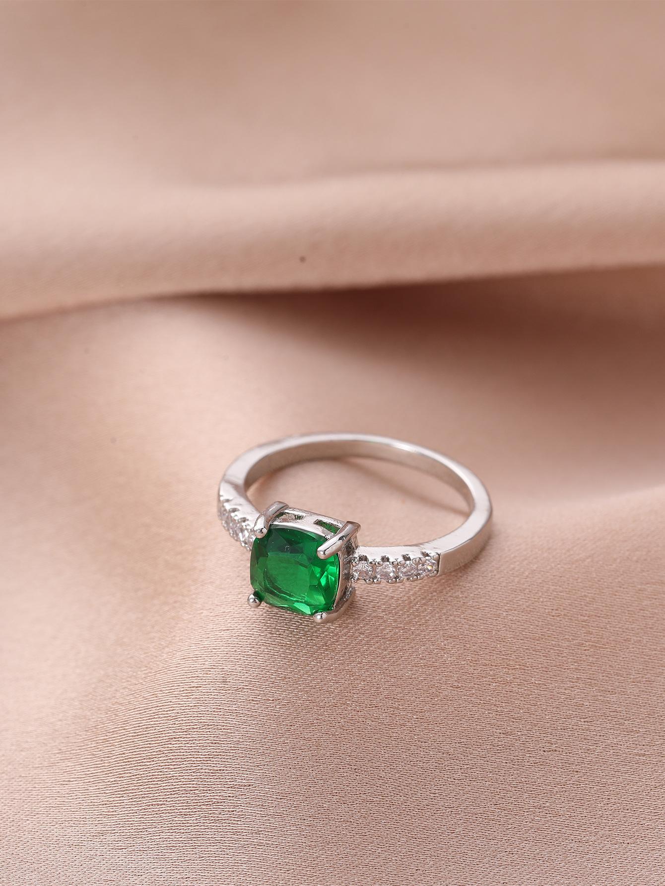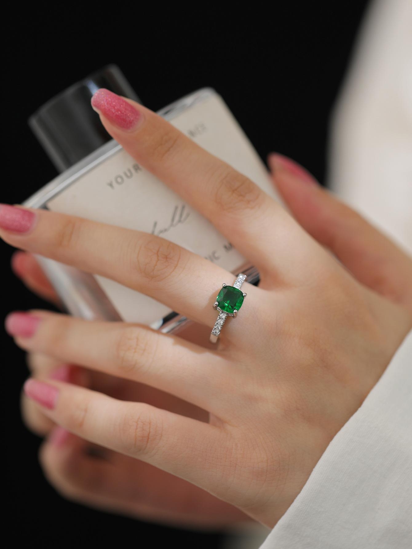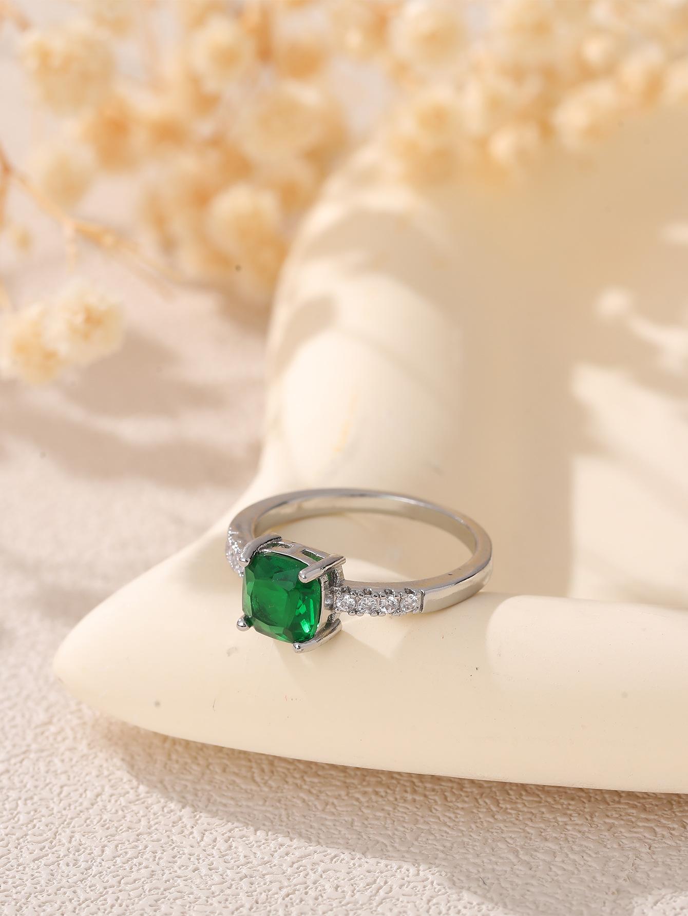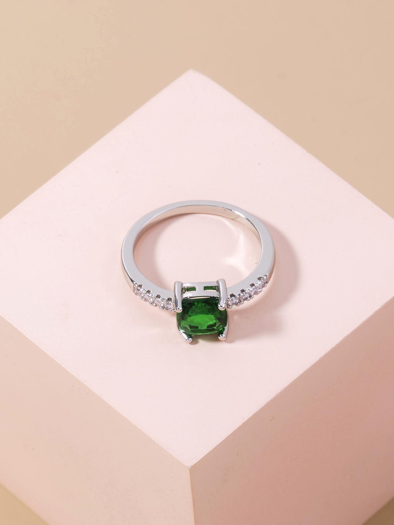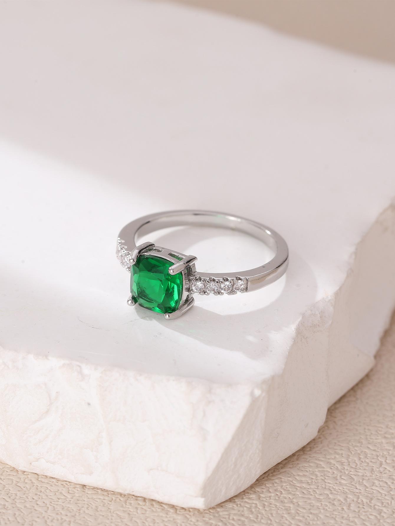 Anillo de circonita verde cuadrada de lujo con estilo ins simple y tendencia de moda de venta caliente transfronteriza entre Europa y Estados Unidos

—————

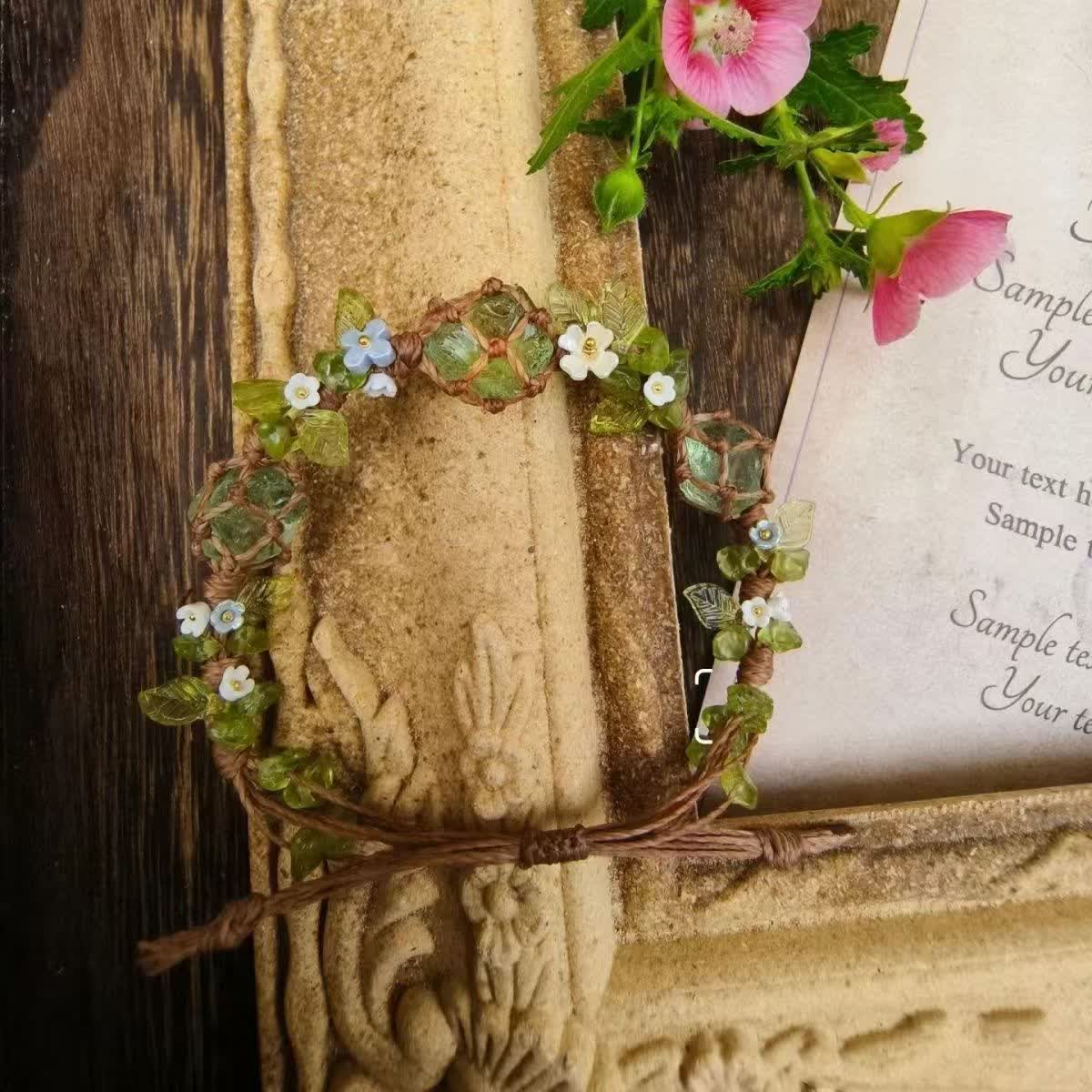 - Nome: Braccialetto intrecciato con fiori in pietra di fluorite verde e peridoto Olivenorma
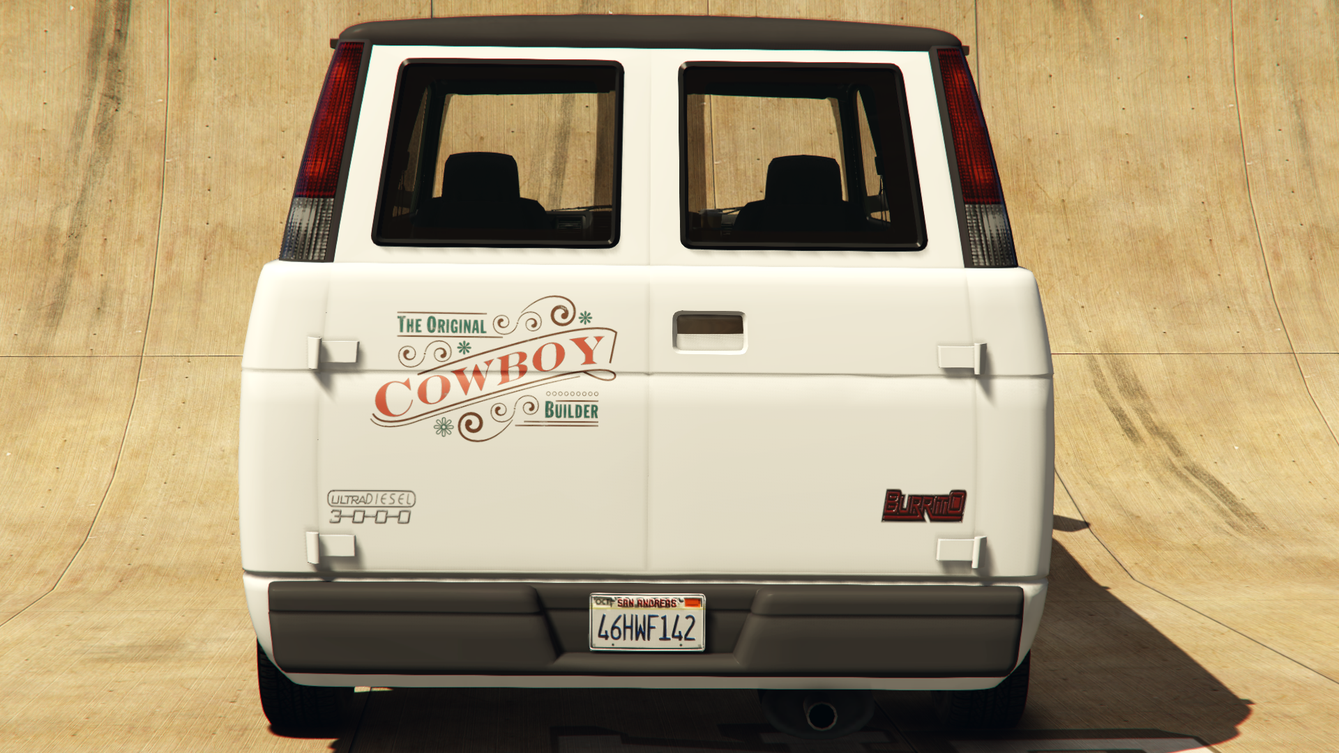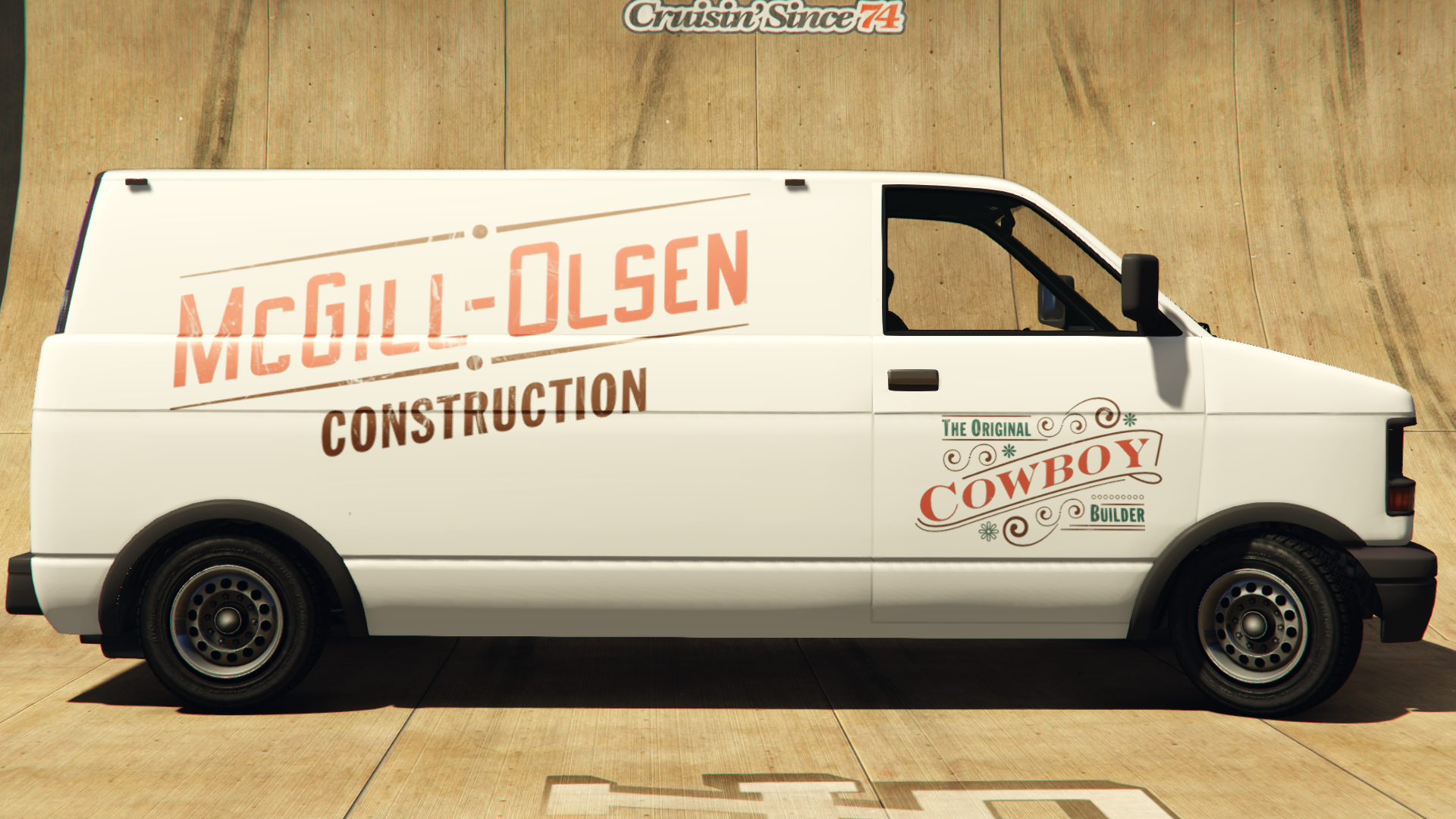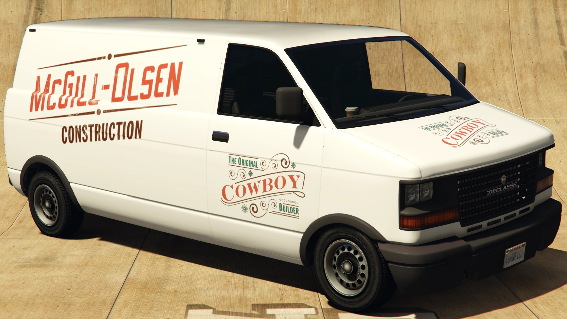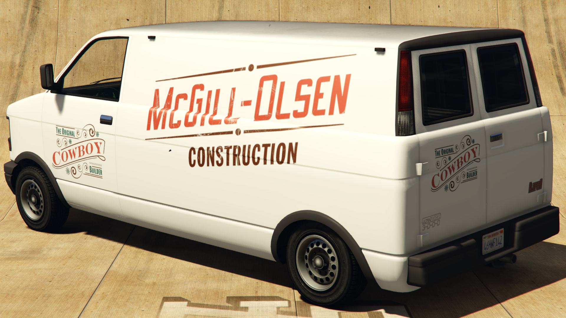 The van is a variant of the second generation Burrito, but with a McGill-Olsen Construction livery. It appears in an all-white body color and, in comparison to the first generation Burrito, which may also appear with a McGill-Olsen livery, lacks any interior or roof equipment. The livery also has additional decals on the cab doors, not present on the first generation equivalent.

—————

(Your assignment): The stretch above running from the line with "- Nome: Braccialetto" through the line with "The van is a" is all you should copy, exactly, leaving out the pictures.

(Finished exercise):
 - Nome: Braccialetto intrecciato con fiori in pietra di fluorite verde e peridoto Olivenorma
 The van is a variant of the second generation Burrito, but with a McGill-Olsen Construction livery. It appears in an all-white body color and, in comparison to the first generation Burrito, which may also appear with a McGill-Olsen livery, lacks any interior or roof equipment. The livery also has additional decals on the cab doors, not present on the first generation equivalent.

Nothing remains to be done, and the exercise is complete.